ABSTRACT

Indicator taxa that are particularly valuable for monitoring are those that are both sensitive to management impacts and cost-efficient to sample.

Because different species and species groups have distinct ecological requirements, and interact with their local environment at distinct spatial and temporal scales, combining multiple ecological indicator groups, each encompassing individual species that exhibit a wide range of responses to disturbance, can help in understanding a range of management impacts on multiple levels of ecological organization.

Accounting for differences in survey cost among taxa requires a detailed audit of the cost of field and laboratory work, followed by a comparison of standardized costs that recalibrates sampling effort into units of money or time.

Once a set of viable and cost-effective candidate indicator groups has been identified, additional considerations can provide further guidance for identifying the species groups that will provide the most useful information for management, including: the level of prior ecological knowledge to help the interpretation of sample data; the extent to which an indicator group can be applied to other regions and management systems; and the extent to which individual groups succeed in capturing the disturbance responses of other taxa.
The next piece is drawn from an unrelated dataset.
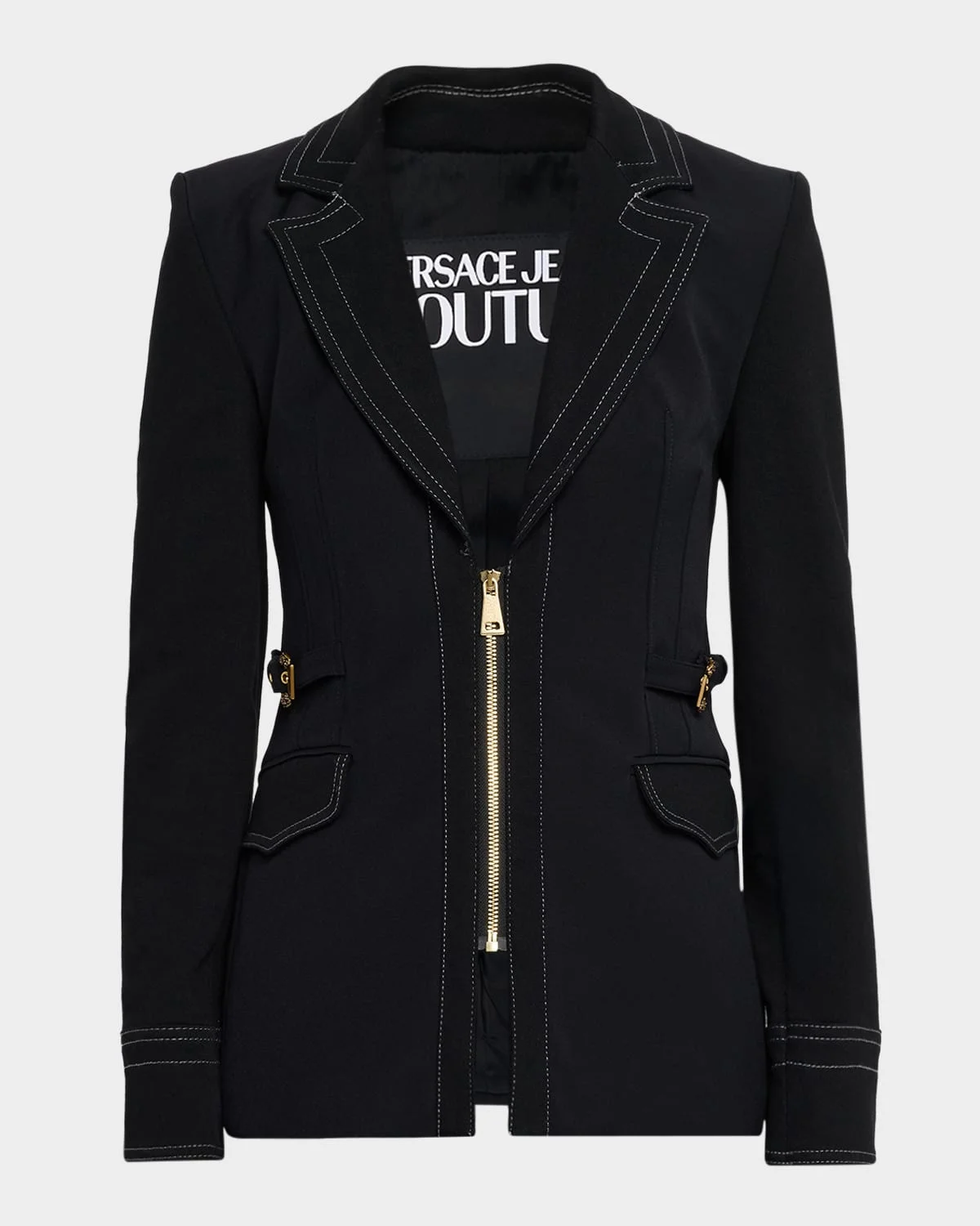 Crafted from stretch denim, this Versace Jeans Couture jacket is adorned with adjustable waist buckles and contrast topstitching for a bold silhouette. Notch lapels Structured shoulders Long sleeves Hip flap pockets Straight fit Zipfront Cotton/elastane Lining: Acetate Hand wash or dry clean Imported

Individual target species can provide complementary information on management impacts to that which can be derived from indicator groups, and include those species that play particularly important functional roles in the forest ecosystem, are highly threatened, or are of particular economic or cultural value to stakeholders. Species of economic and cultural importance can include those that are harvested by local people (e.g. for game), as well as invasive and pest species. Other species may be valuable to include in monitoring because they are effective at garnering public support for conservation.